■ Exercise input:

=== Section Start ===

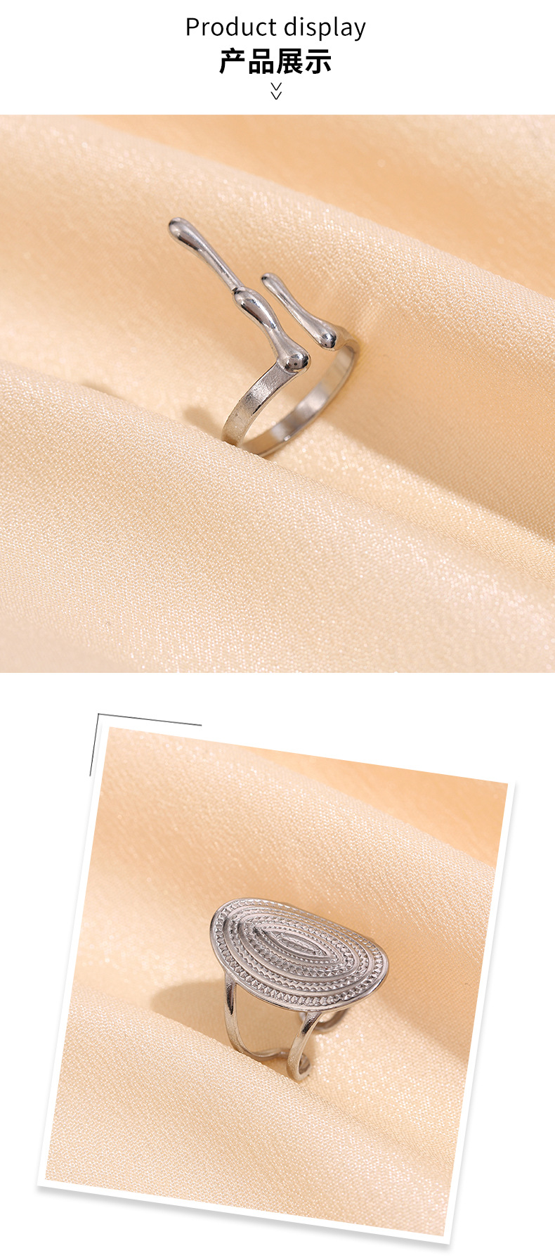 Cross-border Hot Sale Titanium Steel Ring Geometric Fashion Simple Hydraulic Open Ring All-match Personalized Couple Ring
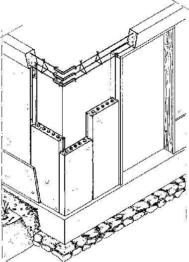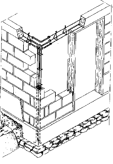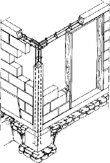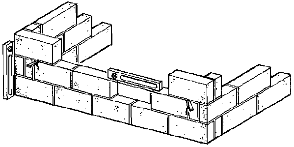 In earthquake areas, it is a good idea to fill the corner cavities with reinforced concrete.
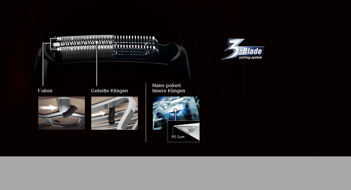 Drei Klingen kürzen die Barthaare und schneiden diese direkt an der Wurzel ab für eine glatte Rasur. Die Klingen erfüllen zwei unterschiedliche Aufgaben für eine schnelle und gründliche Rasur. Die nano-polierten inneren Klingen im 30°-Winkel garantieren zudem eine unglaublich glatte Rasur.
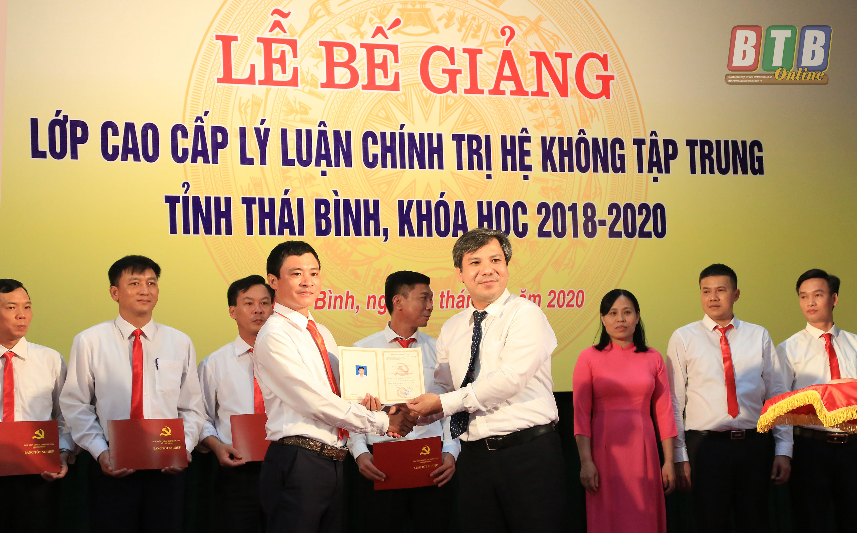 Lớp cao cấp lý luận chính trị hệ không tập trung tại Thái Bình khóa 2018-2020 khai giảng ngày 8/8/2018 tại Trường Chính trị tỉnh. Sau hai năm học tập, các học viên đã được trang bị khối lượng kiến thức đa dạng, phong phú và có hệ thống, giúp các học viên nhận thức rõ hơn những nguyên lý cơ bản của Chủ nghĩa Mác - Lênin, tư tưởng Hồ Chí Minh, quan điểm của Đảng và chính sách, pháp luật của Nhà nước, từ đó có được phương pháp xem xét, giải quyết các vấn đề thực tiễn một cách khoa học hơn. Kết thúc khóa học đã có 88/90 đồng chí được Học viện Chính trị Quốc gia Hồ Chí Minh cấp bằng tốt nghiệp, trong đó có 9 học viên xếp loại giỏi, 78 học viên xếp loại khá, 1 học viên xếp loại trung bình.
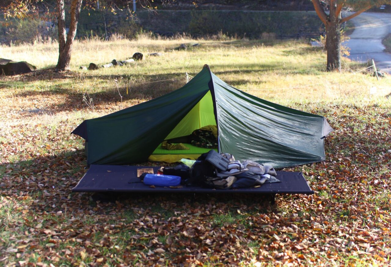 最大幅80cmありますが、足元に向けてすぼまっていくため、広めのマットやワイドシュラフとは相性が悪いです。荷物の持ち込みも最低限にする前提なら快適。
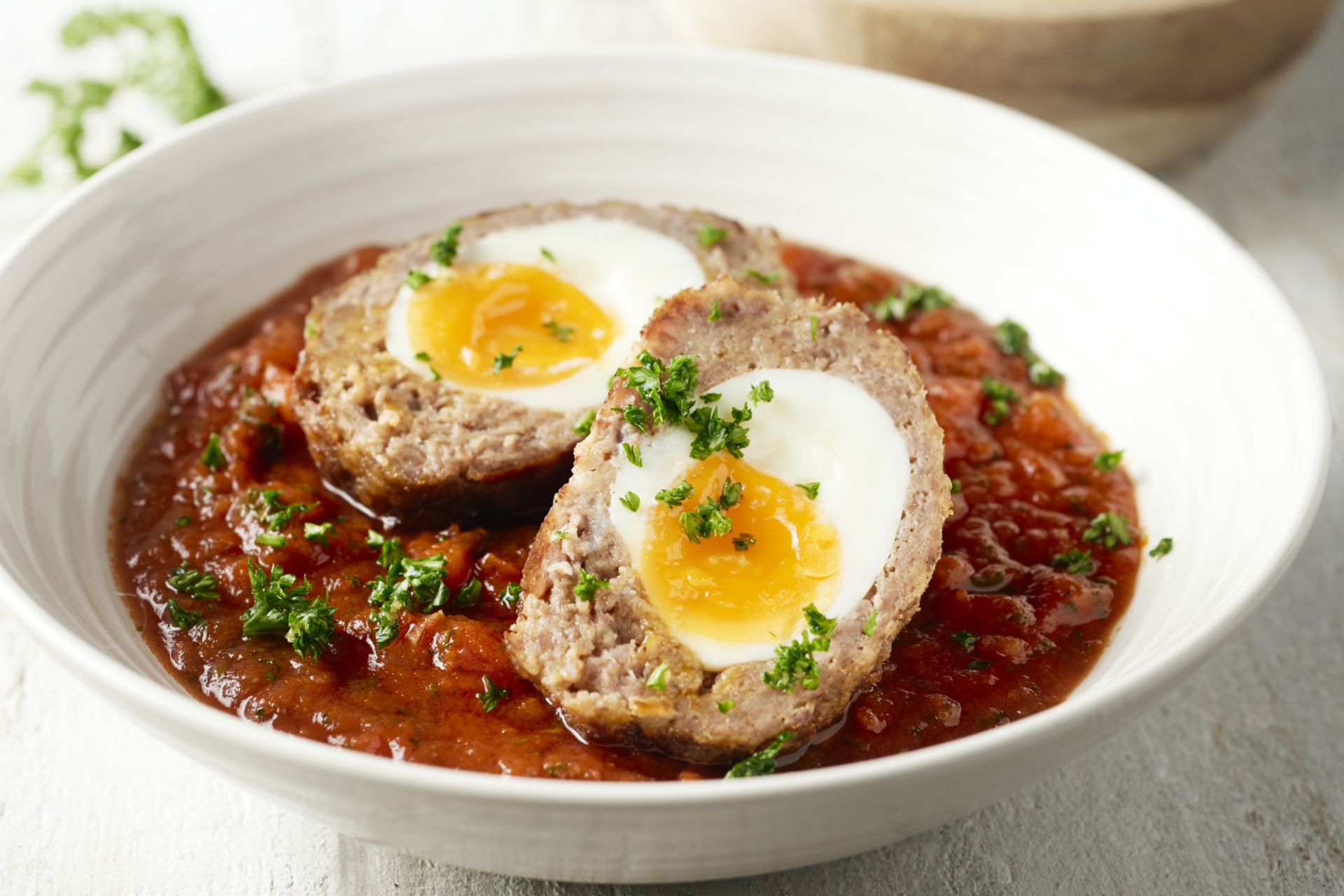 Rol 4 gelijke gehaktballen. Neem 1 gehaktbal en maak een kuiltje in het midden. Stop een hardgekookt ei in het kuiltje en verdeel het gehakt volledig rond het ei. Rol de gehaktbal tussen uw handen tot een mooi egale bal. Zorg dat het ei volledig bedekt is met gehakt en dat er geen naden of spleetjes meer zijn. Doe hetzelfde met de andere gehaktballen. Verwarm de oven voor op 180 °C.
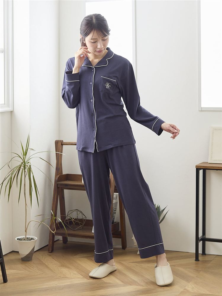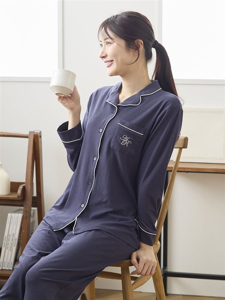 こちらのページは、[リカバリー快眠ウェア]ロゴ刺繍前開きパジャマというルームウェア(部屋着)の商品詳細ページです。
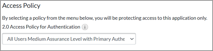 - In the Access Policy section, choose the policy for the application in the drop-down list.
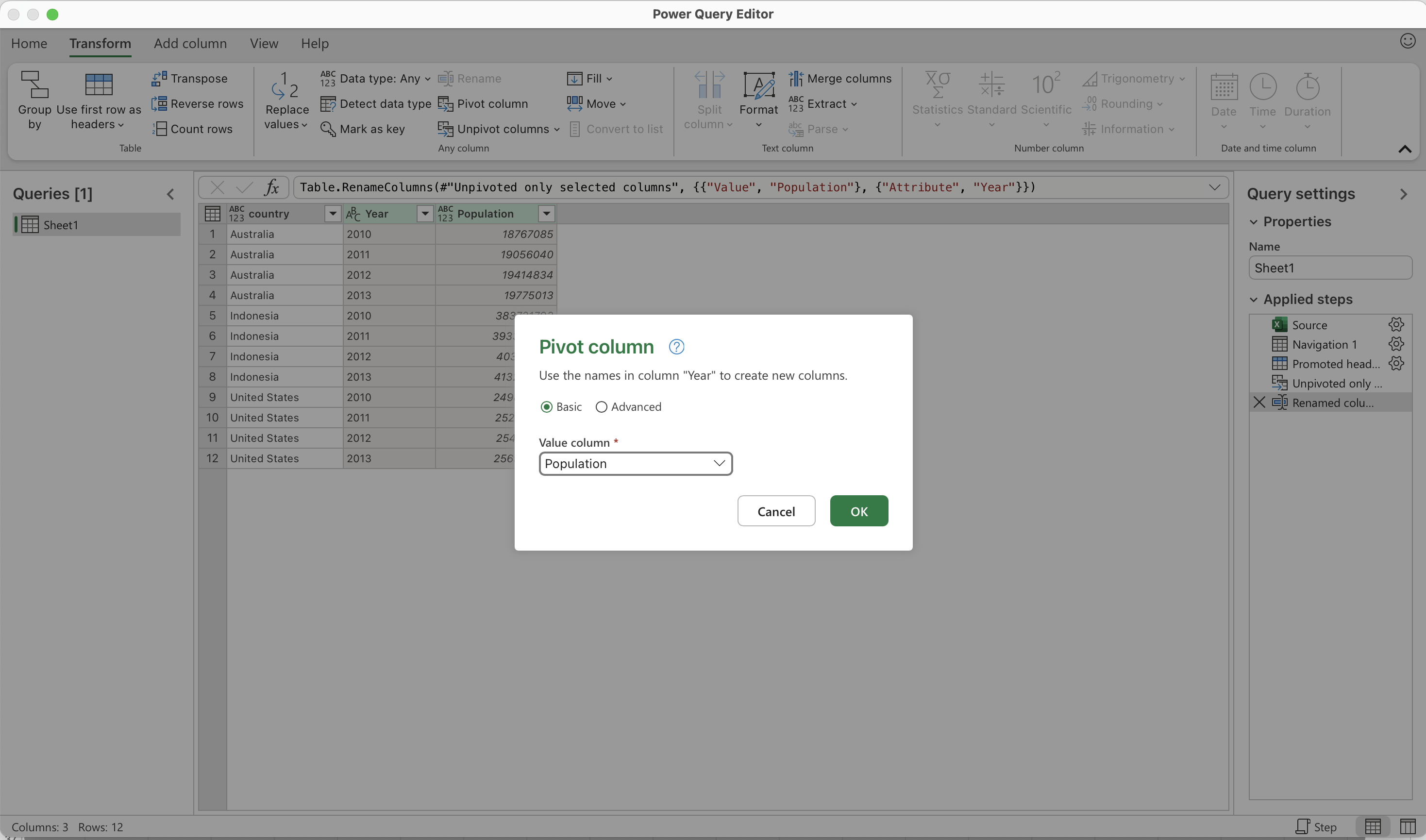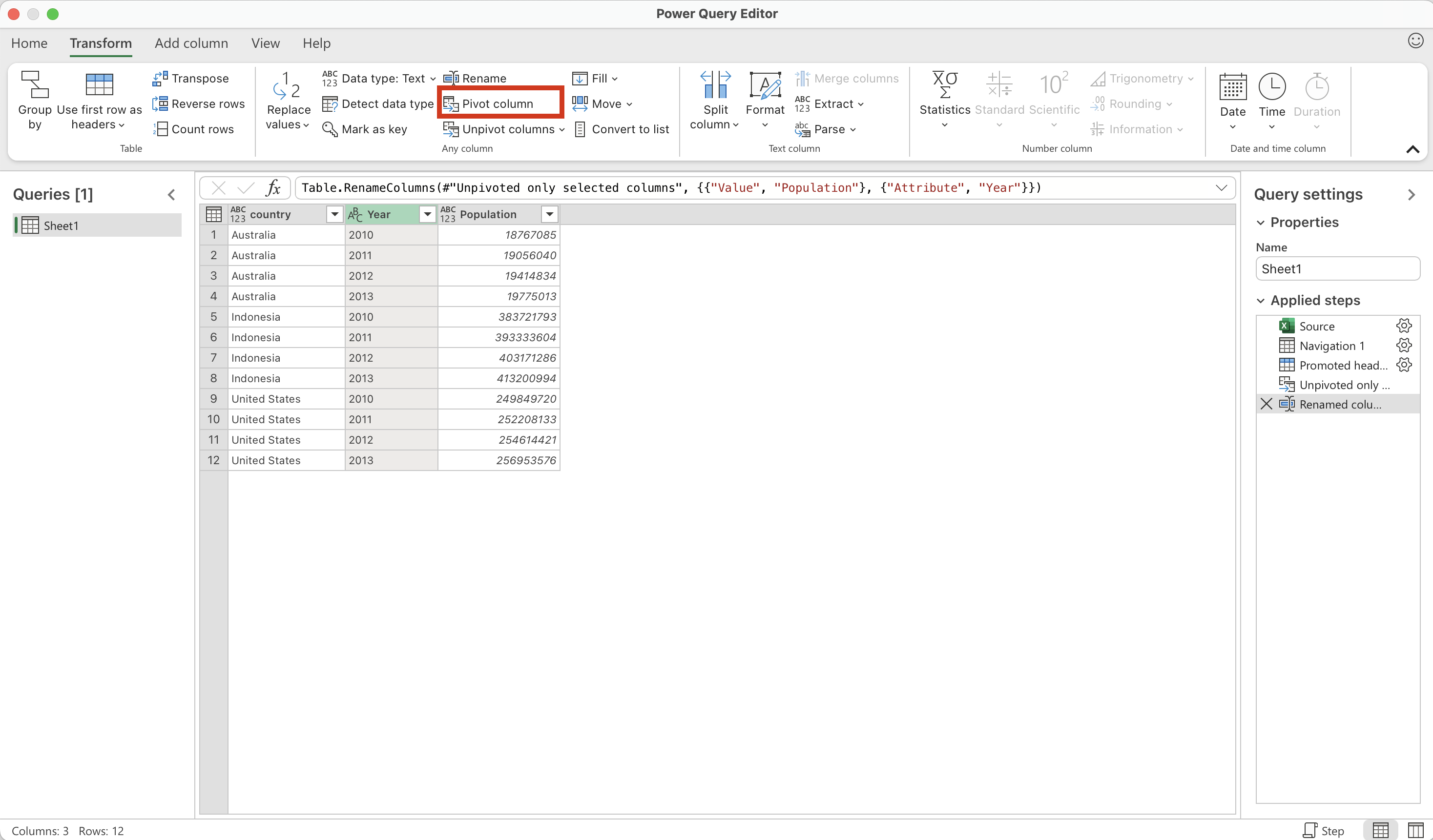• Power Query will create two new columns: Attribute (Year) and Value (Population)

=== Section End ===

■ What is needed:
In the records above, find the line containing "In earthquake areas, it" and output every line from the first through that one, exactly, omitting pictures.

■ Exercise answer:
 Cross-border Hot Sale Titanium Steel Ring Geometric Fashion Simple Hydraulic Open Ring All-match Personalized Couple Ring
 In earthquake areas, it is a good idea to fill the corner cavities with reinforced concrete.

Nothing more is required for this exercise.